Not so long ago, it seemed like Soylent was improving the inefficient daily process of "eating" a "variety" of "meals." That time could be spent coding, people! The company's shakes and bars offer a dystopian vision of nutrition and food consumption that has achieved popularity in Silicon Valley circles, despite being named after a fictional processed food product made out of human remains.
Unlike Soylent Green, though, Soylent's new snack bars give people uncontrollable diarrhea.
The bars were almost too good to be true: 12.5% of your daily nutritional requirements, vegan, low-glycemic, quality macros, full of micronutrients, destroy your GI tract, and make you poop uncontrollably. Good thing you can code on the toilet!
Customers took to a Reddit thread to share their Soylent-induced bodily function woes, including intense nausea, frequent vomiting, and bad cases of the runs.
That sounds rough. While snack bar victims continued to share in their collective misery online, the company paid attention. Soylent issued a statement on its website on October 12th to say it was pulling the bars from its store.
"It has recently come to our attention that a small number of our customers have experienced gastrointestinal issues after consuming Soylent Bars," the statement reads, which is the polite way of saying people couldn't stop throwing up and having diarrhea all over the place. "As a precautionary measure, we are halting all Soylent Bar purchases and shipments and are advising our customers to discard any remaining bars in their possession."
Just a company doing the right thing and making sure its customers... oh, just kidding. Last week, Soylent told Vice, "After these reports, we have retrieved remaining bars from our consumers and have personally consumed many of the remaining bars without adverse effects. We have also sent them for further microbiological testing and all tests have come back negative.

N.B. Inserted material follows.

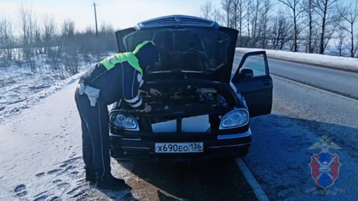 Сотрудники ДПС помогли водителю на трассе под Воронежем в сильный мороз

Based on this we remain very confident in the safety of the bars." That's a pleasant image, a bunch of Soylent employees chowing down on their own bars, waiting to see if an onslaught of diarrhea comes.
At least affected customers will be getting a full refund for their unfortunate purchases. Is it enough to make up for spending the better part of their day on the toilet? That's hard to put a price on, though someone should write an algorithm that can calculate the potential efficiencies lost.